I am still recovering from sinus surgery. Thanks for your prayers and well wishes. I especially needed to hear the words, “be still,” repeatedly. I listened. And I haven’t done much over the last week. I did read about Columbia’s settlement with the Trump administration, and it got me thinking.
The University agreed to pay a $200 million fine over the next three years and an additional $21 million to settle an investigation launched by the Equal Employment Opportunity Commission. Columbia did not admit to any wrongdoing in its handling of the claims about antisemitism. Although the interim president, Claire Shipman, said that the school “recognized, repeatedly, that Jewish students and faculty have experienced painful, unacceptable incidents, and that reform was and is needed.”
Now I am still digesting the particulars of the settlement. I am trying to figure out the role of the independent monitor and what it portends for universities and colleges generally. And, of course, Columbia has agreed to end its DEI programs or, as it was stated, to no longer “maintain programs that promote unlawful efforts to achieve race-based outcomes, quotas, diversity targets or similar efforts.”
With all of this, I keep asking myself why these institutions are capitulating to the Trump administration’s accusations and demands. Just think about it. Five years ago, we saw and heard so many leaders of universities and in the corporate world declare their commitment to racial justice and, in a blink of an eye, we find ourselves smack in the middle of another Lost Cause.
I can only conclude that people were lying or were simply driven by sentimentality where admission of guilt was sufficient for absolution. People pushed too hard and some behaved like bulls in a china shop, I suppose, and Trump gave white folk an excuse to do what they wanted to do in the first place. Now the country is in a full-blown spiral.
And the fact that Columbia settled, even without admission of guilt, doesn’t bode well for American higher education.
In the end, I reject the claims motivating Trump’s attack on universities and colleges. He believes antisemitism and DEI have overrun American education. That the student protests after the horrific events of October 7th proved that places like Harvard and Columbia were rife with Jew-hating students radicalized by “wokeism.” Anyone who works at a university, and I have been a professor for thirty years, knows this is not true. Of course, there are disruptive elements among the student body, on the faculty, in the administration and on boards, but generally, these are vibrant spaces for the free exchange of ideas – where students get to risk themselves as they shake off old prejudices and find their own voices.
I keep thinking about those student protests, though. The encampments, the taking over buildings, the demands. And I wonder what those protests look like with the viewpoint from here. Gaza starves. Babies are dying from malnutrition. Netanyahu and the Likud Party are overrun with bloodlust. Peter Beinart reminded the country that the International Criminal Court issued an arrest warrant for Benjamin Netanyahu last November for the war crime of starvation. Eight months ago. Before Israel cut off all food, water, and electricity to Gaza.
No matter what you think about the form of their protests, the students saw something, and they spoke out passionately. Isn’t this a desired outcome of an effective education – not to stand by silently or with indifference when confronted with evil and tragedy?
How might we situate those protests then with the reality of what we know is happening right in front of our eyes? What does it mean that conservative forces used the cudgel of antisemitism to crush students and to bludgeon universities into submission?
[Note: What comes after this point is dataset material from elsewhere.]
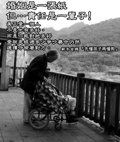 一個即將升職的男人,因為她老婆突然患了老年癡呆症 朋友們建議他把老婆送到醫院治療兼療養 他考慮了一星期後,遞出了辭呈 朋友們都很錯愕,紛紛詢問他為什麼要放棄升遷的機會呢? 他的人生就將要達到最高峰了啊! 他說:我只想到我在神前面承諾過 不論她貧窮、疾病、變老變醜 我都要愛她、照顧她一輩子 ☆。Lily ♥ 玲。☆ 發表在 痞客邦 留言(27) 人氣(10)

And that some who know better allowed it to happen? And, what does it suggest that these institutions aren’t pushing back with all of their power against the lies that justify the assault?
I keep waiting, and I know it doesn’t make much sense, for someone to decry the idolatry of state worship: that the state of Israel ought not shift the center of gravity of what it means to be Jewish or what it means to identify with the liberatory power of the Jewish tradition. God matters, still. Traditions matter.
I keep wanting white America, and I know it is a fool’s dream, to stop capitulating to this nonsense – to stop giving in to the illusion that safety can be found in whiteness. I want the country to open its calloused heart to the suffering of others. But the historic question haunts, “Is God gone?”
Oh my heart breaks over and over. I am a proud, practicing liberal Jew who has rejected and protested Netanyahu and his regime for decades. It makes me sick that Trump is using “antisemitism” to promote his fascist agenda but it scares me that universities, law firms etc are caving to his whims. Why? I do not blame God; I blame the craven greedy humans who are neither good Christians nor good Jews nor living God’s word or will. You so beautifully articulate my pain so thank you for that.
Dr. Eddie,
Your thoughts today reminds me of a quote by Dr. Martin Luther L. King, Jr.
“ Use me, God. Show me how to take who I am, who I want to be, and what I can do, and use it for a purpose greater than myself.”
Remember, Faith in God changes everything!